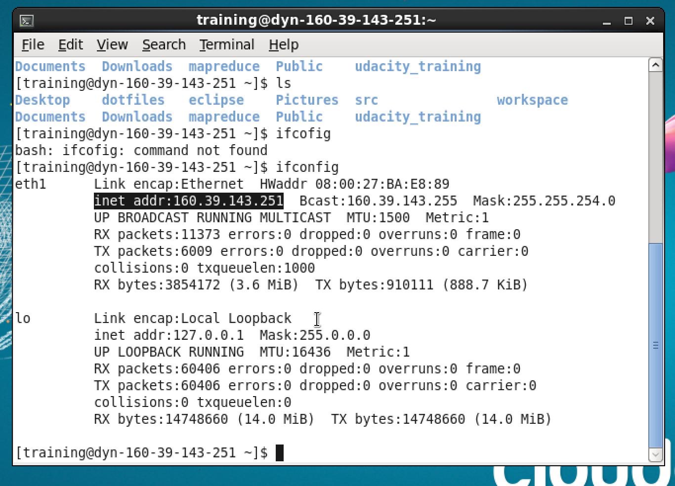Linux and Mac users can also SSH into the machine by running ssh training@ip-address and entering the password - training. To get the IP address of the machine, just run ifconfig and taking note of the inet addr.
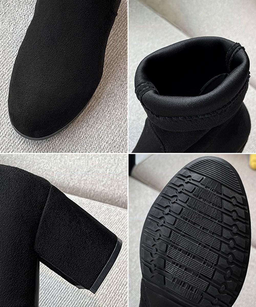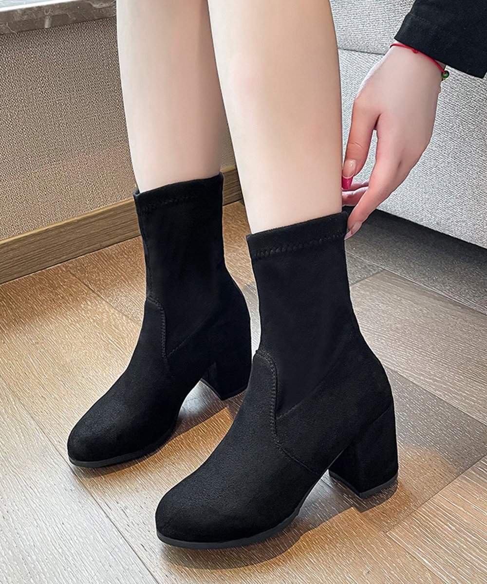 おしゃれ ストレッチブーツ チャンキーヒール レディース 美脚ブーティ ラウンドトゥミドルブーツ 黒 通勤 歩きやすい靴
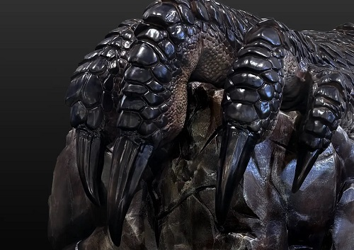 『モンスターハンター』の歴史を振り返る「モンハンヒストリーウォール」に加え、全44種類のフィギュアの展示がおこなわれる「モンハンヒストリーゾーン」。同ゾーンには最新作『モンスターハンターワイルズ』に登場する「セクレト」の等身大フィギュアも展示されています。
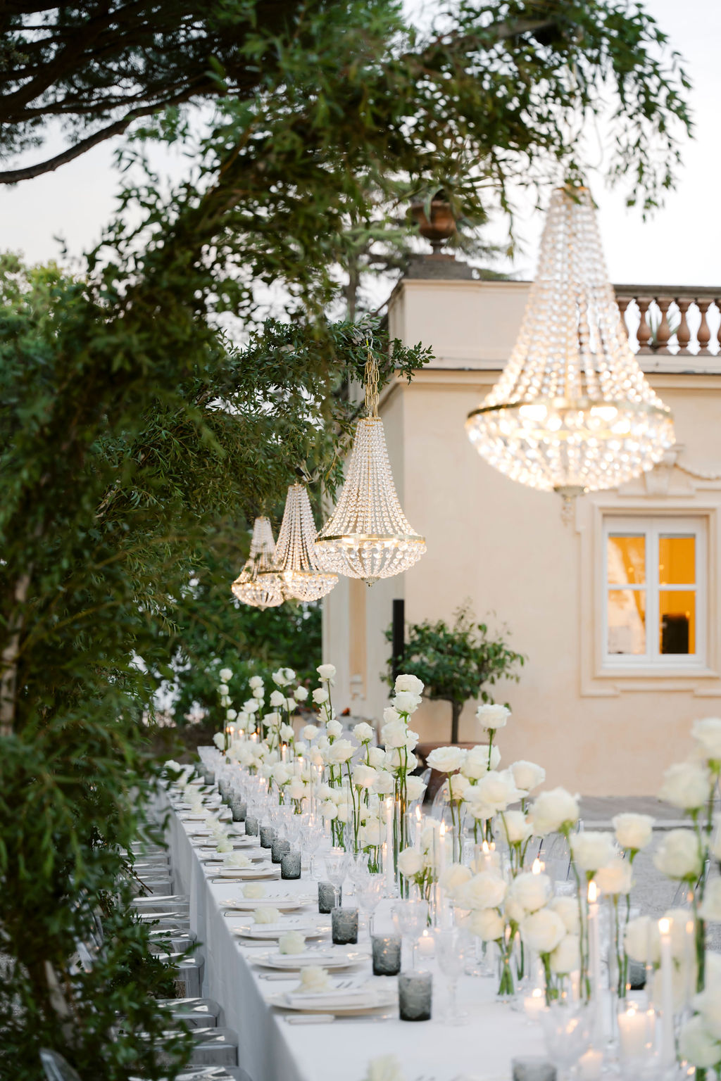 A long, elegantly set dining table outdoors, adorned with white flowers and candles, exudes the charm of a modern and glamorous wedding in Rome. Crystal chandeliers hang overhead from a lush green arch, casting a warm glow. A classical building is visible in the background.
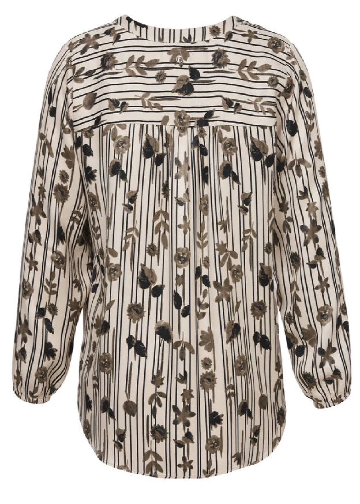 Fließende Viskosebluse in Schlupfform mt einem feinen, floralen Muster in edler Farbharmonie.
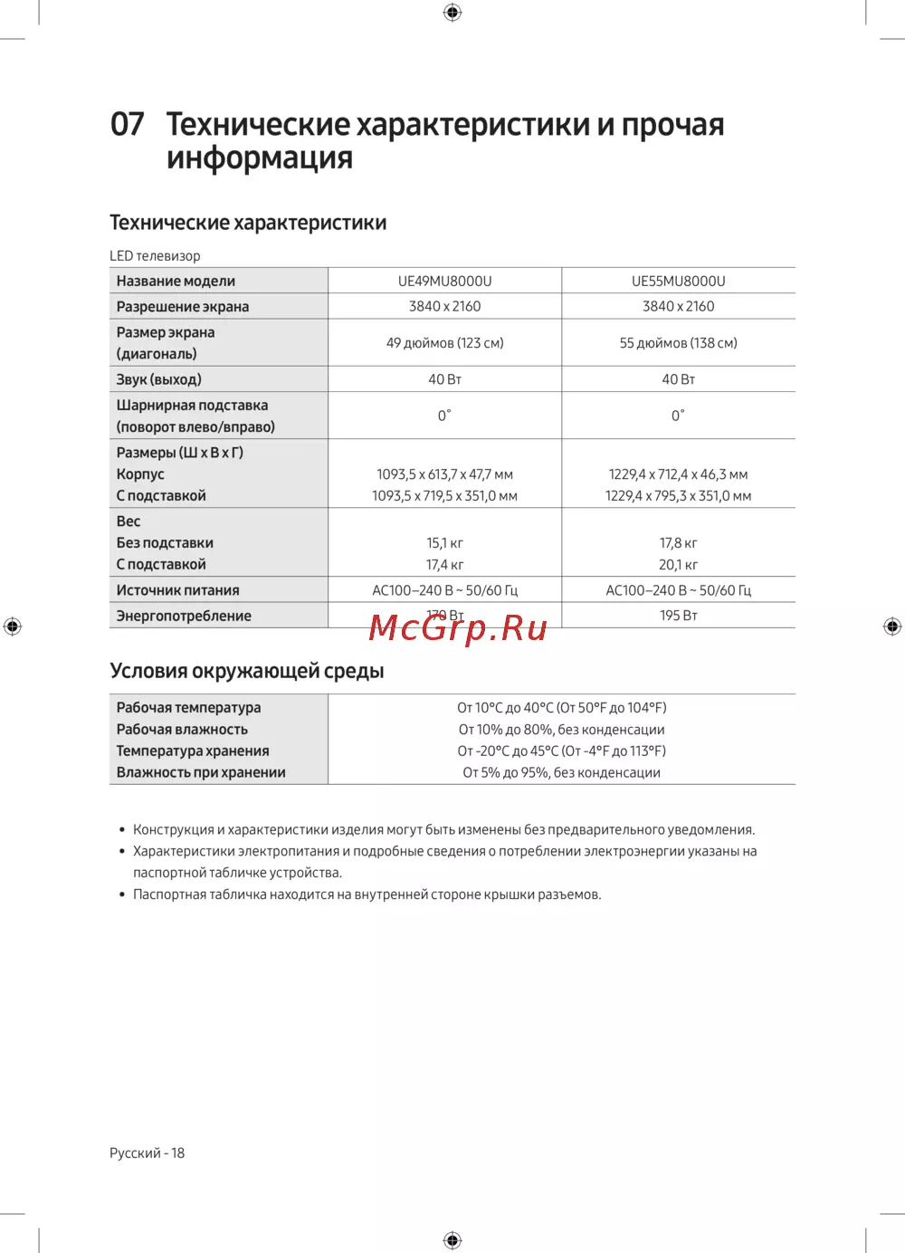 Samsung Series 8 UE75MU8000U [18/92] Технические характеристики
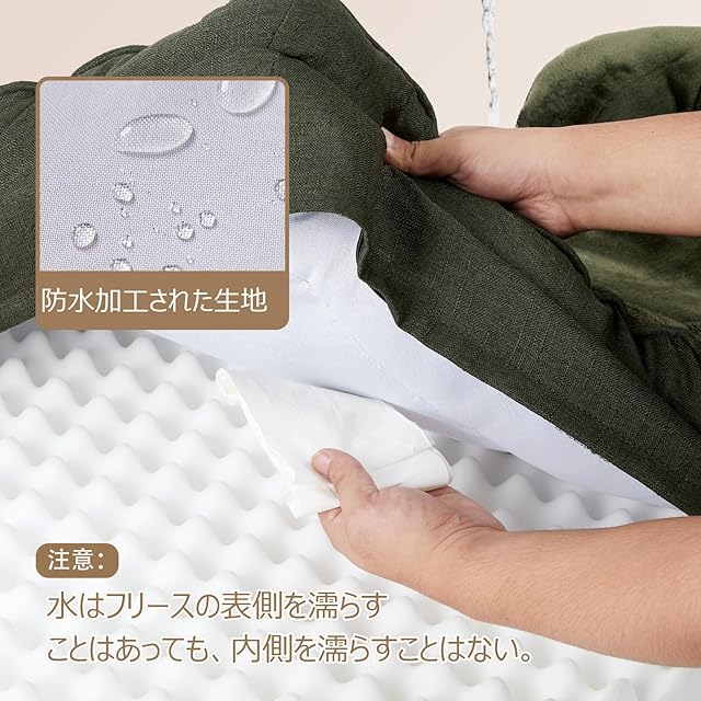 防水加工生地:ポリエステル生地の間に防水シートを挟み込んでおり、犬用ベッドを清潔で乾いた状態に保ちます。ただし、リネン部分の両側は防水ではありません。
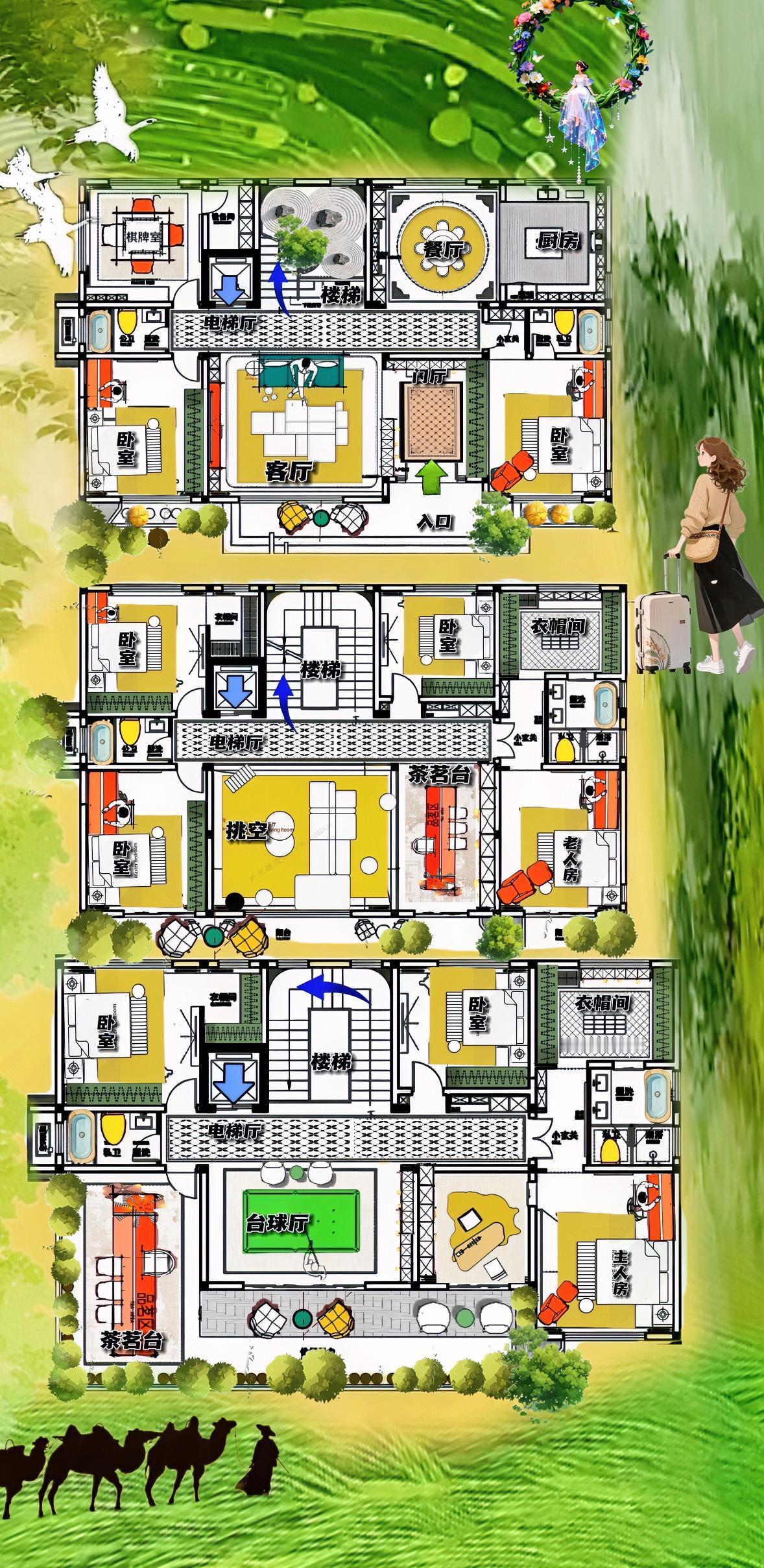 它长了一张朴素的脸,600㎡平凡,每一处都长在居住审美上,栖居,四代同堂杀回了她的统治赛道,九间房,一本正经的自建房,空间很幽默,布局有灵魂! 没见过野墅,不整花园,不弄菜地,不挖瑜伽室,而是一门心思,扩建卧室,为睡觉舒服,多打卧室不回头 ! 九个卧室,是执念,我画过千尺大宅,撑死也就七间房,九间屋虽不是麻烦,住满人,也是纯粹给爱, 发电的好主意! 幸亏房东,家里十二口人,要不然再有魅力户型,也是无趣的灵魂。 灵魂,少的可怜! 一楼没有,非要桃选一个,5.6米挑空勉强算一桩! 二楼茶台,留给长辈房! 三楼台球厅,赐给一亩地大房子,最有冲击力的格局,鲜活布局为三层楼的烟火埋下伏笔! 我就想,顶楼最受青睐的地方,娱乐和休息,格局融合十分巧妙! 怎么形容,头顶吃饭是需求,中层煮茶是意境,下头才是提着台球找乐趣! 布局不一样,动线回归实用,一面颜值在线,一面收纳烟火,又美又能装的自建房!
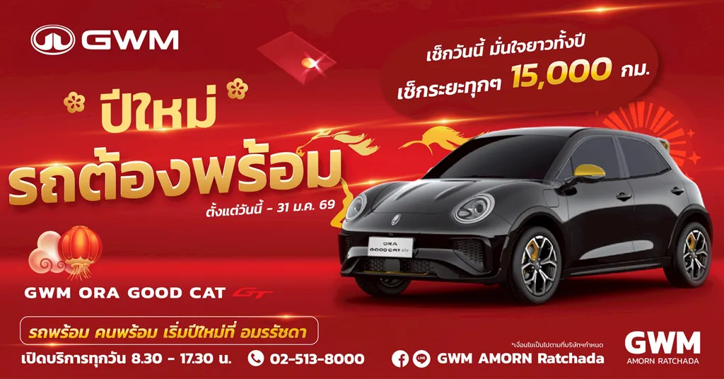 โปรโมชันนี้สามารถใช้ได้กับรถยนต์ไฟฟ้า GWM ORA 07 เท่านั้น เมื่อจองรถยนต์วันที่ 1 มกราคม 2569 ถึง วันที่ 31 มกราคม 2569 และรับรถภายในวันที่ 31 มกราคม 2569 ทั้งนี้ เงื่อนไขเป็นไปตามที่บริษัทฯ กำหนด
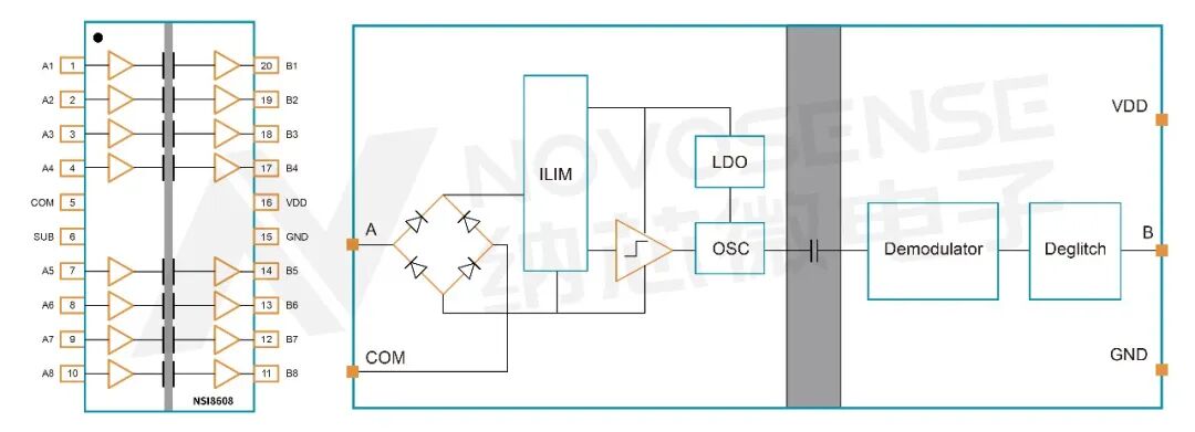 传统PLC依赖大量光耦器件实现信号隔离。纳芯微推出的多通道数字隔离芯片NSI860x(包括四通道的NSI8604和八通道的NSI8608)可将32路光耦集成至单颗芯片,不仅大幅节省了PCB面积,更将信号延迟从微秒级压缩至纳秒级。
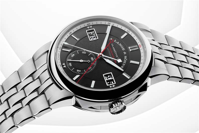 這里的表殼由三部分組成,直徑為 42.5 毫米(非計時款為 40.5 毫米),由不銹鋼制成。表面是啞光的,邊緣是用黃金時間倒角強調的。這款手表的額定壓力為 12 巴(或 120 米!),這對任何朗格或任何高端計時碼表來說都不是玩笑。表盤為黑色且質地細膩,按鈕貼花為白金,秒顯示的分數位于分鐘計數器外的內環上。表殼現在的厚度為 14.2 毫米,高于傳統參考值的 11.1 毫米。秒針、60 分鐘刻度和“Odysseus Chronograph”字樣均為紅色。您擁有與這個家庭的所有成員相同的可調式手鏈,并且做工精細得令人發指,我怎么強調它們在金屬中與在諸如此類的新聞照片中的影響力都不為過。事實上,收藏家之間的共識是,在過去的十年中,沒有一款手表在現實中比在新聞材料中表現得更好。
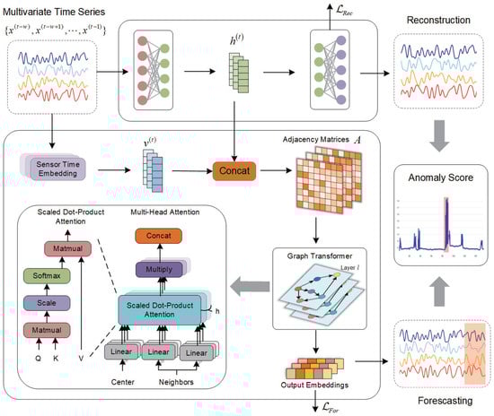 In recent years, thanks to the advancement of deep learning techniques and their powerful data representation capabilities, unsupervised anomaly detection that relies on deep learning techniques has demonstrated significant advantages over traditional methods. These methods can effectively capture complex hidden features and temporal dependencies, enhancing their predictive and analytic capabilities. In the multivariate time series anomaly detection field, there are also many methods for anomaly detection with neural networks. For instance, Autoencoders (AEs) [] and Generative Adversarial Networks (GANs) [] are extensively employed in reconstruction-based anomaly detection. These methods reconstruct normal data patterns and utilize reconstruction errors as anomaly scores. Forecasting-based methods utilizing Long Short-Term Memory (LSTM) [,] or Gated Recurrent Units (GRUs) are commonly used to mine temporal dependencies. However, these methods face challenges when dealing with high-dimensional sensor data, as they fail to explicitly capture the topological structure between sensors.

* [Aim of the task]: Give the records back verbatim, pictures excluded.

* [Solution to this exercise]:
Linux and Mac users can also SSH into the machine by running ssh training@ip-address and entering the password - training. To get the IP address of the machine, just run ifconfig and taking note of the inet addr.
 おしゃれ ストレッチブーツ チャンキーヒール レディース 美脚ブーティ ラウンドトゥミドルブーツ 黒 通勤 歩きやすい靴
 『モンスターハンター』の歴史を振り返る「モンハンヒストリーウォール」に加え、全44種類のフィギュアの展示がおこなわれる「モンハンヒストリーゾーン」。同ゾーンには最新作『モンスターハンターワイルズ』に登場する「セクレト」の等身大フィギュアも展示されています。
 A long, elegantly set dining table outdoors, adorned with white flowers and candles, exudes the charm of a modern and glamorous wedding in Rome. Crystal chandeliers hang overhead from a lush green arch, casting a warm glow. A classical building is visible in the background.
 Fließende Viskosebluse in Schlupfform mt einem feinen, floralen Muster in edler Farbharmonie.
 Samsung Series 8 UE75MU8000U [18/92] Технические характеристики
 防水加工生地:ポリエステル生地の間に防水シートを挟み込んでおり、犬用ベッドを清潔で乾いた状態に保ちます。ただし、リネン部分の両側は防水ではありません。
 它长了一张朴素的脸,600㎡平凡,每一处都长在居住审美上,栖居,四代同堂杀回了她的统治赛道,九间房,一本正经的自建房,空间很幽默,布局有灵魂! 没见过野墅,不整花园,不弄菜地,不挖瑜伽室,而是一门心思,扩建卧室,为睡觉舒服,多打卧室不回头 ! 九个卧室,是执念,我画过千尺大宅,撑死也就七间房,九间屋虽不是麻烦,住满人,也是纯粹给爱, 发电的好主意! 幸亏房东,家里十二口人,要不然再有魅力户型,也是无趣的灵魂。 灵魂,少的可怜! 一楼没有,非要桃选一个,5.6米挑空勉强算一桩! 二楼茶台,留给长辈房! 三楼台球厅,赐给一亩地大房子,最有冲击力的格局,鲜活布局为三层楼的烟火埋下伏笔! 我就想,顶楼最受青睐的地方,娱乐和休息,格局融合十分巧妙! 怎么形容,头顶吃饭是需求,中层煮茶是意境,下头才是提着台球找乐趣! 布局不一样,动线回归实用,一面颜值在线,一面收纳烟火,又美又能装的自建房!
 โปรโมชันนี้สามารถใช้ได้กับรถยนต์ไฟฟ้า GWM ORA 07 เท่านั้น เมื่อจองรถยนต์วันที่ 1 มกราคม 2569 ถึง วันที่ 31 มกราคม 2569 และรับรถภายในวันที่ 31 มกราคม 2569 ทั้งนี้ เงื่อนไขเป็นไปตามที่บริษัทฯ กำหนด
 传统PLC依赖大量光耦器件实现信号隔离。纳芯微推出的多通道数字隔离芯片NSI860x(包括四通道的NSI8604和八通道的NSI8608)可将32路光耦集成至单颗芯片,不仅大幅节省了PCB面积,更将信号延迟从微秒级压缩至纳秒级。
 這里的表殼由三部分組成,直徑為 42.5 毫米(非計時款為 40.5 毫米),由不銹鋼制成。表面是啞光的,邊緣是用黃金時間倒角強調的。這款手表的額定壓力為 12 巴(或 120 米!),這對任何朗格或任何高端計時碼表來說都不是玩笑。表盤為黑色且質地細膩,按鈕貼花為白金,秒顯示的分數位于分鐘計數器外的內環上。表殼現在的厚度為 14.2 毫米,高于傳統參考值的 11.1 毫米。秒針、60 分鐘刻度和“Odysseus Chronograph”字樣均為紅色。您擁有與這個家庭的所有成員相同的可調式手鏈,并且做工精細得令人發指,我怎么強調它們在金屬中與在諸如此類的新聞照片中的影響力都不為過。事實上,收藏家之間的共識是,在過去的十年中,沒有一款手表在現實中比在新聞材料中表現得更好。
 In recent years, thanks to the advancement of deep learning techniques and their powerful data representation capabilities, unsupervised anomaly detection that relies on deep learning techniques has demonstrated significant advantages over traditional methods. These methods can effectively capture complex hidden features and temporal dependencies, enhancing their predictive and analytic capabilities. In the multivariate time series anomaly detection field, there are also many methods for anomaly detection with neural networks. For instance, Autoencoders (AEs) [] and Generative Adversarial Networks (GANs) [] are extensively employed in reconstruction-based anomaly detection. These methods reconstruct normal data patterns and utilize reconstruction errors as anomaly scores. Forecasting-based methods utilizing Long Short-Term Memory (LSTM) [,] or Gated Recurrent Units (GRUs) are commonly used to mine temporal dependencies. However, these methods face challenges when dealing with high-dimensional sensor data, as they fail to explicitly capture the topological structure between sensors.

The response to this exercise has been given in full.